The Himalayan kingdom of Bhutan recently shared a good news story announcing that its wild tiger population has increased by 27% from the first systematic survey in 2015.
The population has risen to 131 individuals from 103 following the National Tiger Survey 2021-2022 presentation. These new numbers were announced alongside never-before-seen camera trap footage and images of wild tigers.
The survey covered 85% of the country, and over 1,200 camera traps captured the wild tigers in Dagana and Pemagatshel national forests. The survey also identifies the major threats to tigers in Bhutan poaching, habitat loss, and human-wildlife conflict, and outlines strategies to mitigate them.
Dechen Dorji, Senior Director of Asia, Wildlife Conservation, WWF-US said: “This announcement marks another enormous milestone in tiger conservation efforts globally. Tigers are instrumental in maintaining the healthy forests, rivers, and streams we all depend upon, and Bhutan’s conservation success gives us hope.”
“Thanks to the dedicated efforts of countries and organisations, we are witnessing one of the most successful wild tiger recovery stories in recent history.
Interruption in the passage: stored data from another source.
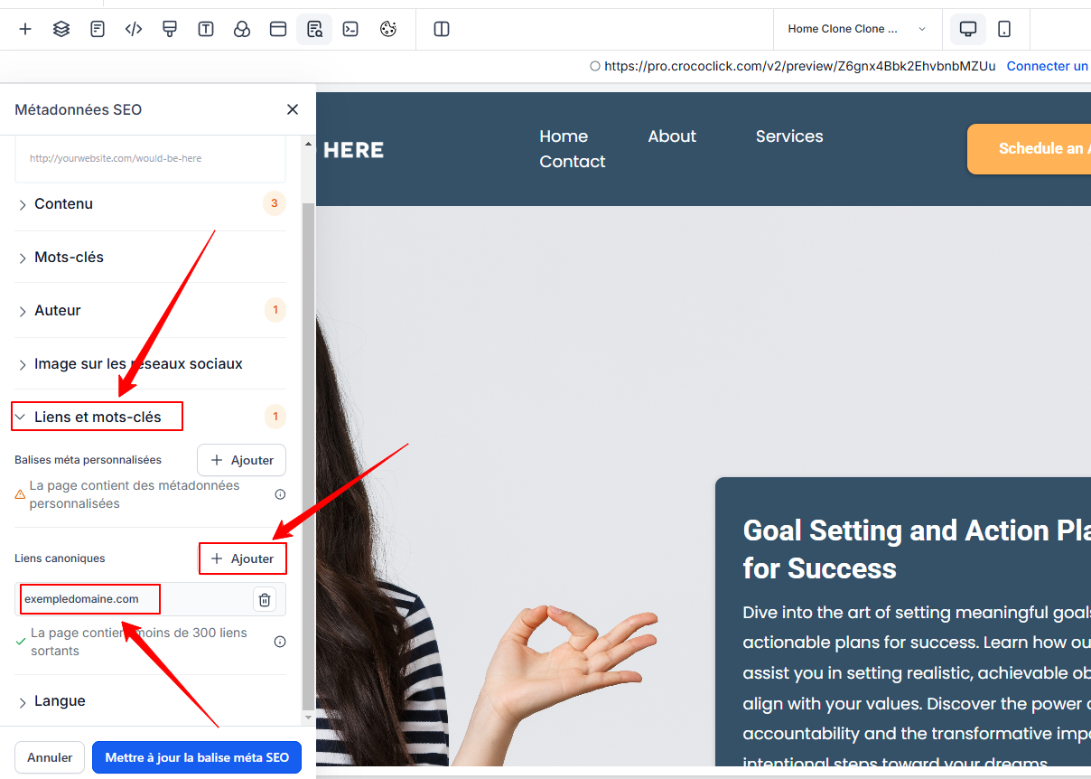 Dans le champ Liens et mots clés, cliquez sur Lien canonique, renseignez l’URL de la page principale que vous souhaitez indexer (par exemple, exempledomaine.com).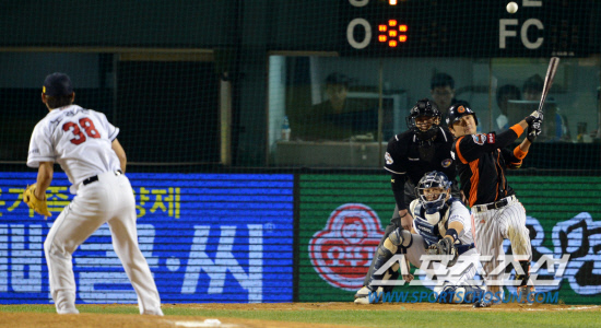 볼카운트 1B 1S에서 홍상삼의 결정적인 실투. 포크볼이 떨어지지 않고 가운데 높은 곳으로 들어왔다. 조성환은 힘껏 휘둘렀지만, 파울이 백스톱을 맞았다. 흔히 파울이 백스톱에 맞았다는 것은 타이밍이 제대로 맞았다는 의미. 조성환은 너무나 아쉬워했다. 제대로 맞힐 수 있는 기회를 놓쳐버렸기 때문이다. 당연히 심리적인 부담감은 더욱 심화될 수밖에 없었다.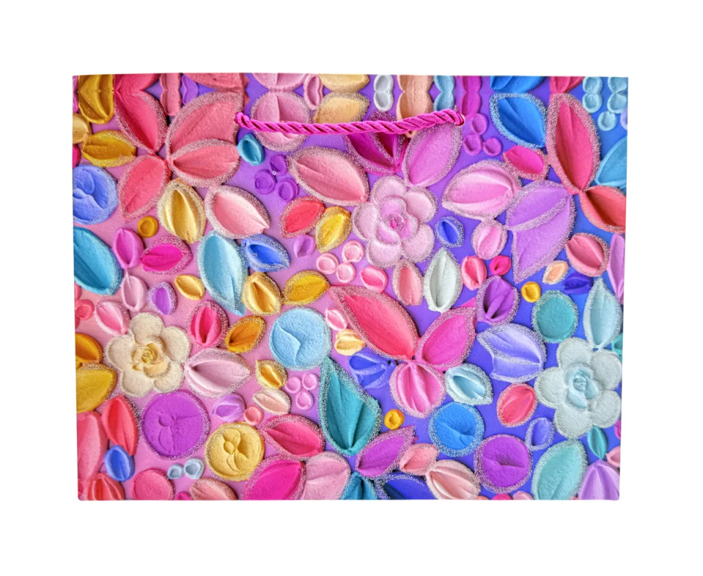 Ez a 17 x 23 x 10 cm méretű virágos papírtasak igazi kis ékszere lehet bármilyen ajándékozásnak, hiszen már az első pillanatban magára vonja a figyelmet a gazdag színvilágával és a részletgazdag, romantikus virágmintáival, amelyek finom csillogással és elegáns hangulattal teszik különlegessé az összhatást. Tökéletes választás születésnapra, névnapra, anyák napjára vagy akár egy spontán meglepetéshez is, amikor fontos, hogy az ajándék csomagolása legalább akkora élményt nyújtson, mint maga a meglepetés.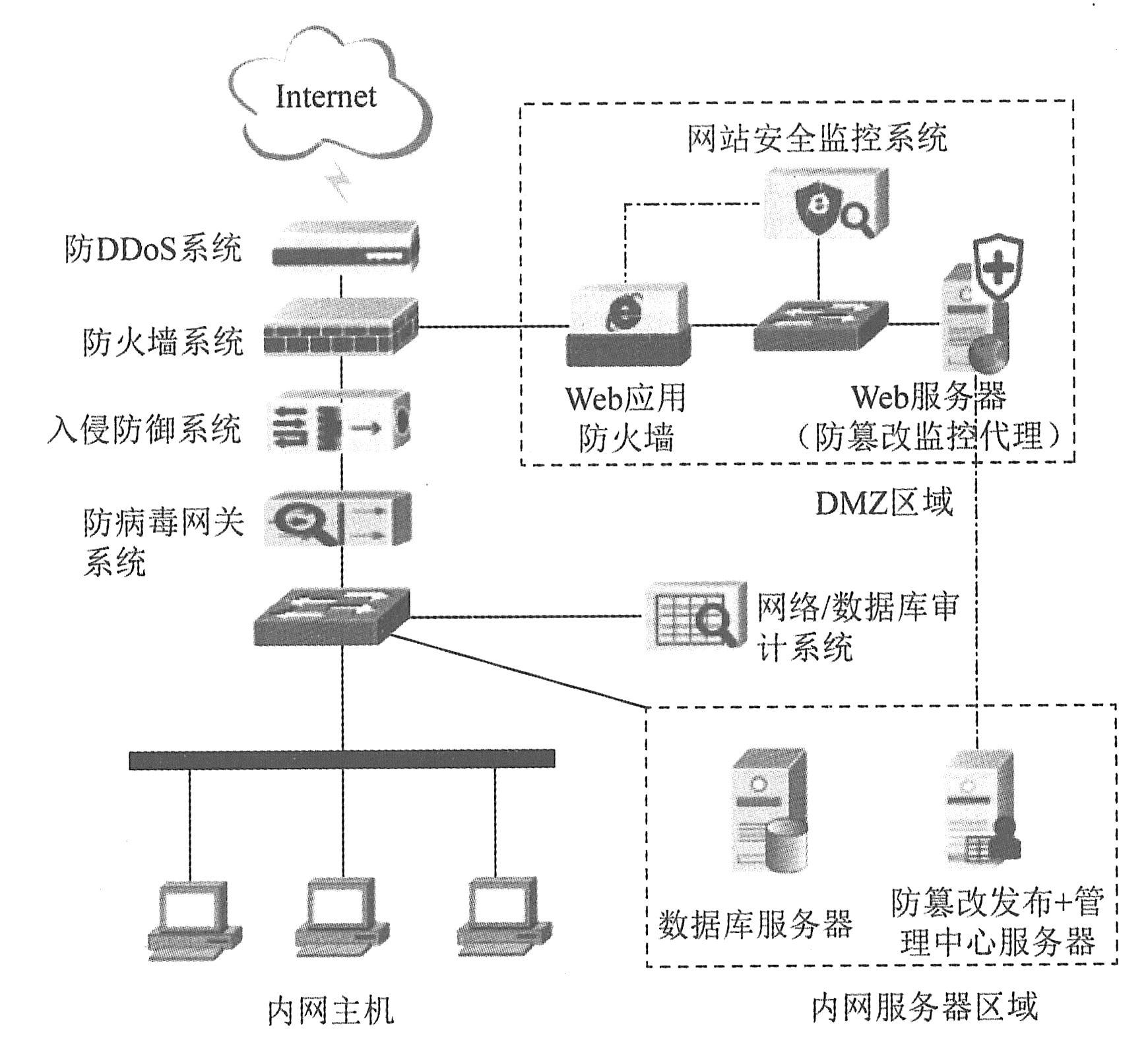 (1)DDoS防御。在政务网站与互联网边界处部署防DDoS攻击系统,用于防护来自互联网的拒绝服务攻击。

The report serves as a call to action for continued efforts to protect tigers and their habitats for future generations.”
The positive increase in individual wild tiger numbers in Bhutan is the result of significant interventions in the last ten years to conserve the wild tiger population, including increased law enforcement, community-based tiger conservation programs, habitat improvement, and wildlife conflict management interventions.